Since we have first row at the beginning of transformation and some 'compare to' fields defined, step will copy only one current row to it's internal cache and output this first row since first row is always unique.
When the second row came to input step will compare this data with previous stored in cache. According to step settings this compare can be performed for some key fields or for the whole row (described above). Comparison will be delegated to metadata object. For String data java's native compareTo() will be called. But in general it depends on how does metadata implements compareTo().

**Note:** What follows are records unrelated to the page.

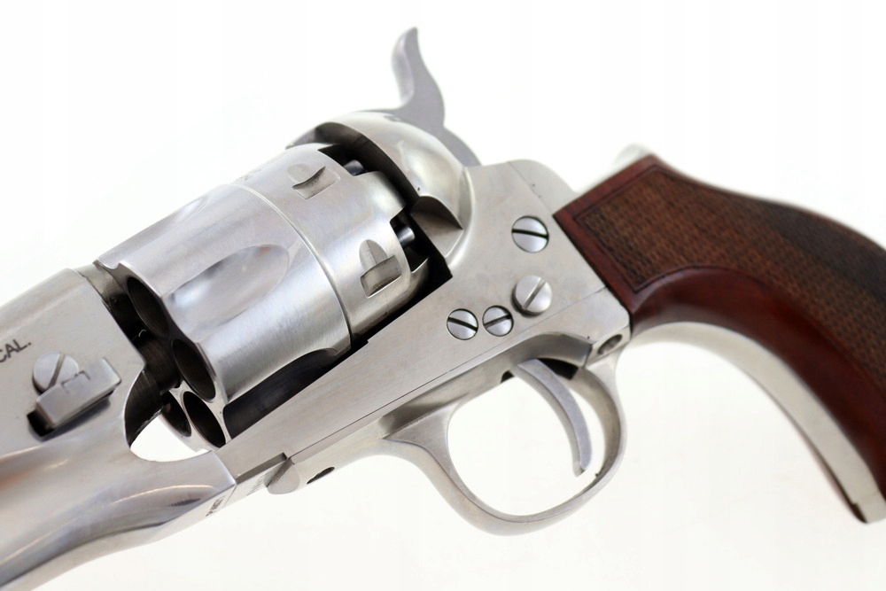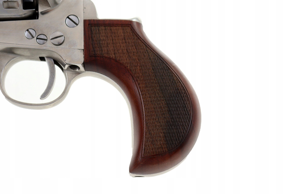 Revolver 1862 Colt Pocket Police Snubnose Nepainless .44 с эргономичным гром -рукоятостью и рамой из нержавеющей стали в старой серебристой отделке.
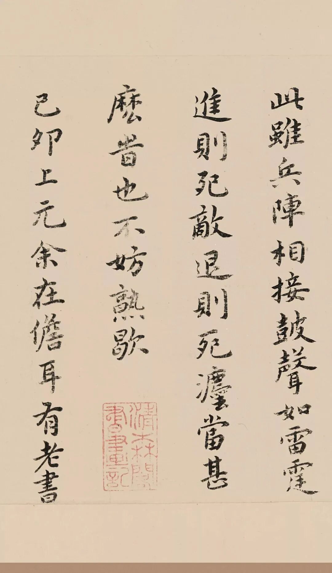 【18】此,虽兵阵相接,鼓声如雷霆,进则死敌,退则死法,当恁么时也不妨熟歇。《书上元夜游》己卯上元,余在儋耳,有老书
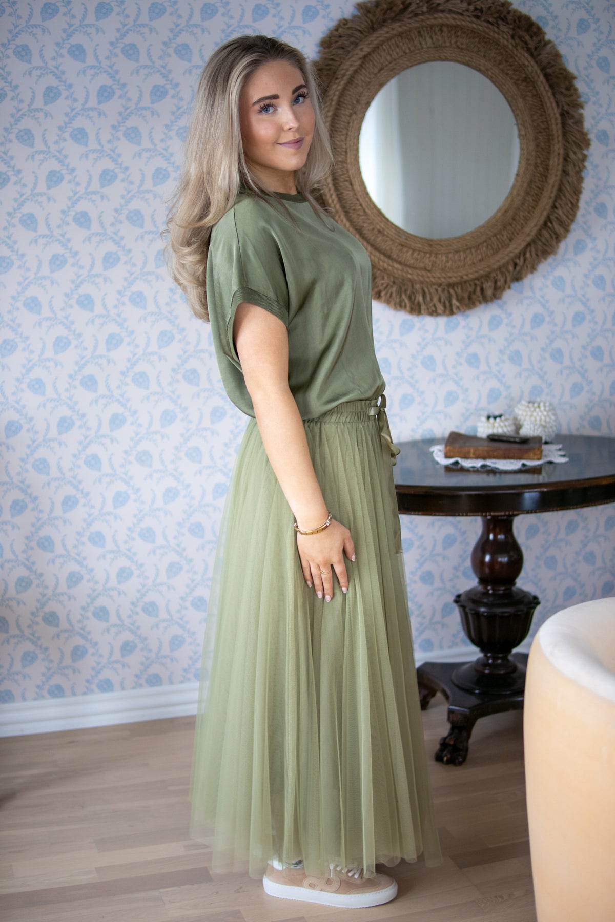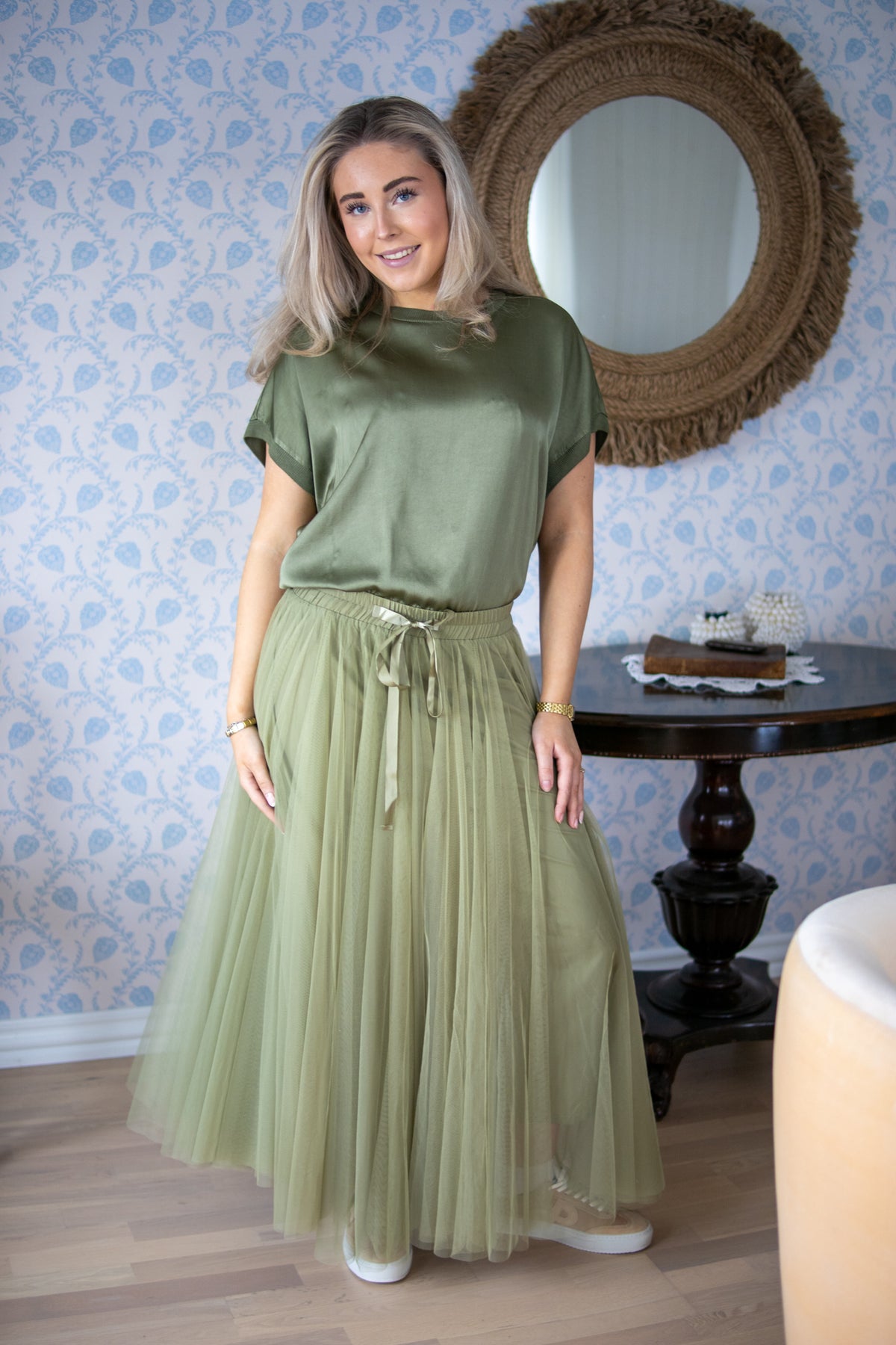 Nydelig topp fra From Paris with love i viscosekvaitet. Toppen har ribbekant på armer, bol og rundt hals gir et ekslusivt preg sammen med den noe blanke kvaliteten. Størrelsen er one size og vil passe i hovedsak fra S-L.
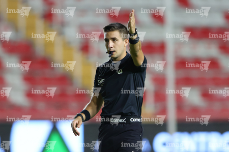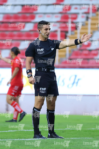Aguascalientes, Aguascalientes, 29 de septiembre de 2025. Figo Rodolfo López, árbitro central, durante el partido correspondiente a la jornada 13 del torneo Apertura 2025 de la Liga BBVA MX, entre las Centellas del Necaxa y las Rayadas del Monterrey, realizado en el estadio Victoria. Foto: Imago7/ Rogelio Davila
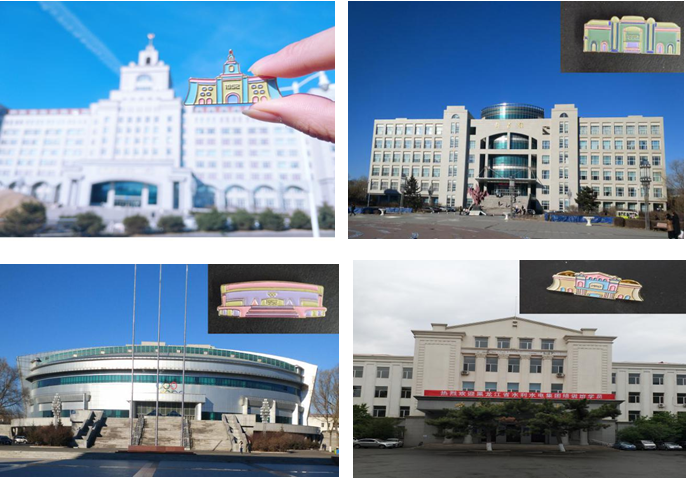 Å系列博物馆文创产品是以哈尔滨商业大学南北区标志性建筑物与哈尔滨商业大学货币金融博物馆精品货币藏品纹样元素相结合,不仅突出了哈尔滨商业大学的校园文化特点,还承载着哈尔滨商业大学货币金融博物馆的文化和历史。
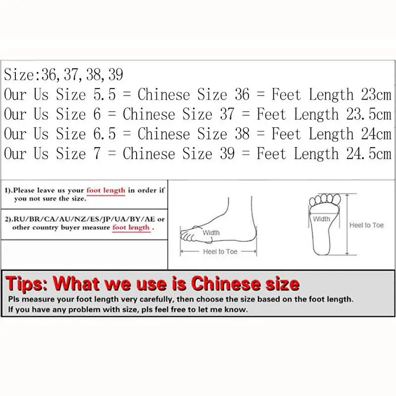 Our Us Size 5.5 = Chinese Size 36 = Feet Length 23cm
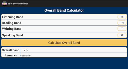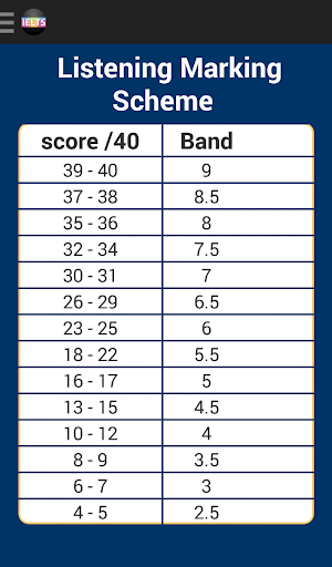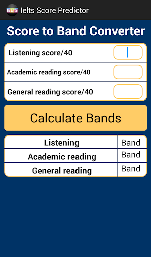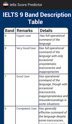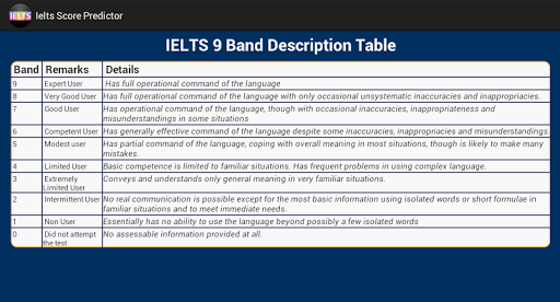 This app lets you to convert your score(out of 40) to your band score.It also helps you to calculate your overall band. It also contains marking scheme tables for listening,academic reading and general reading tests as well as IELTS 9 band description table which includes remarks for respective band and details of your band score.
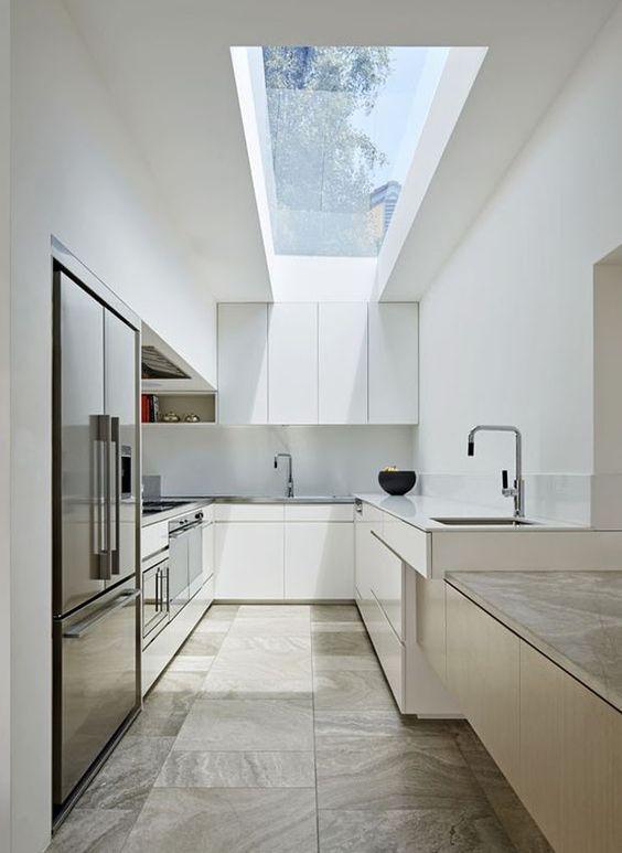 El techo acristalado genera que el ambiente se llene de luz natural. Y la luz artificial junto con los colores claros ayudan a que esta sea más uniforme.
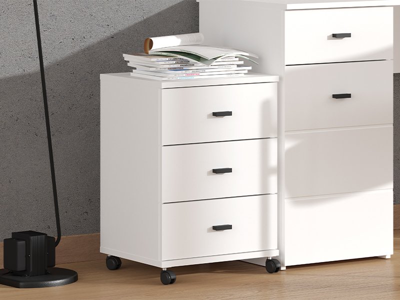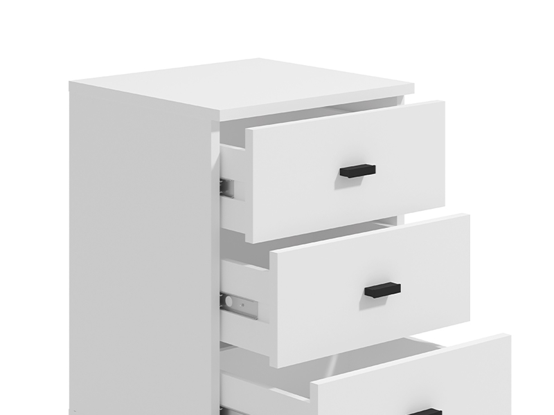 Chest of drawers ALMOND 3F, in an opaque white decor, features a simple and functional design. It consists of three drawers that allow you to store things clearly and conveniently, and thanks to the wheels, it is easy to move around the space. The ALMOND 3F chest of drawers is a handy accessory for the study or children's room.
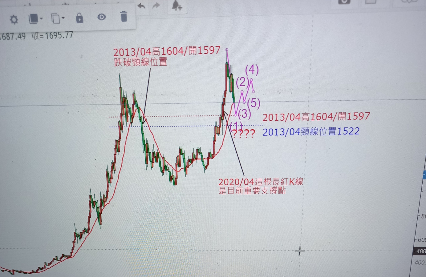 (1)紅色虛線是第一道防守線配合2020/04最重要這根長紅K線。
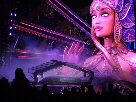 The kineticFIELD, the main stage designed by a world-class team, became an instant sensation on Internet. The Goddess Gaia, a towering statue, swayed her mechanically articulated arms to the beat, synchronized with lasers, flame and fireworks.
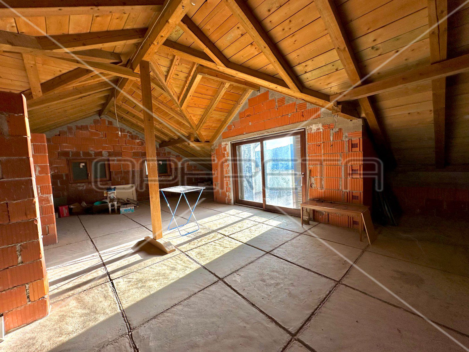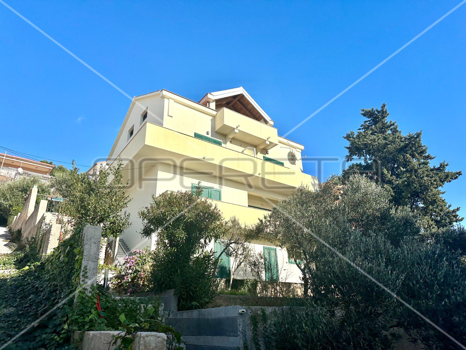 Ova kuća odiše potencijalom i mogućnostima, posebice zahvaljujući roh bau potkrovlju na drugom katu i to s terasom s koje puca nesmetan pogled na more i otoke. Potkrovlje u fazi roh bau-a pruža priliku za jedinstveno oblikovanje i prilagodbu prema individualnim preferencijama.
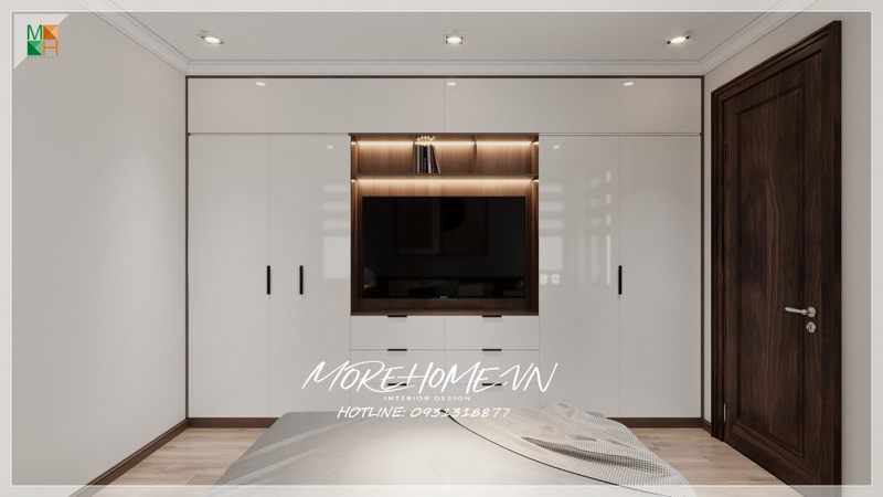 Mẫu tủ quần áo kịch trần 4 cánh mở kết hợp kệ tivi bằng gỗ công nghiệp cho phòng ngủ chung cư, nhà phố, biệt thự phong cách hiện đại

So we have two cases - current and previous rows is same (not unique) or they are different (unique). Remember - we always compare to previous row. In case rows are different current row will be copied in step internal cache once again rewriting stored data and also this row will be passed to output. Otherwise not unique row will be swaped or if there is error handling available - row will be placed to error stream.
The advantage of this step that during execution always only one row is stored in internal cache. Step does not block all rows and outputs rows every time they are unique.
Imagine a case when we have row like:
before sotring after sorting
1) A 1 A 1
2) A 3 A 1
3) A 2 A 2
4) A 1 A 3
5) A 3 A 3
in first case unique row will return all 5 rows since
1) {A 3} is unique to {A 1}
2) {A 2} is unique to {A 3}
3) {A 1} is unique to {A 2} ...
for the sorted input there will be 3 unique rows
1) {A 1} will not be unique to {A 1}
2) {A 2} will be unique to {A 1}
3) {A 3} will be unique to {A 2}
4) {A 3} will not be unique to {A 3}
In case of comparsion was only by field contains A letter - in both cases there will be only one unique row. And only first row will be passed to output. All other will be skiped/ will got to error stream.
'Unique rows (HashSet)'
Pay attention:
- it does not guarantee that the order of rows will remain constant over time
- it blocks the flow before all input will be read off
- it will consume amount of RAM memory approximately equal to all rows size in memory
Which step to use: 'sort' + 'unique rows' OR 'Unique rows (HashSet)'. I would say it depends on how much RAM memory do machine have. If data to process more then RAM amount kettle will run OutOfMemory with 'Unique rows (HashSet)' since HashTable will grow up to amount of all data.
Kettle 'sort' step can handle 'merge sort' algorithm with storing data on a hard drive in temp folder. So combination of 'sort' + 'unique rows' will give ability to process data bigger then RAM amount and performance will be equal to sort step performance.
But always pay attention on what rules rows expected to be unique.
Have a unique rows only and successful kettle transformations.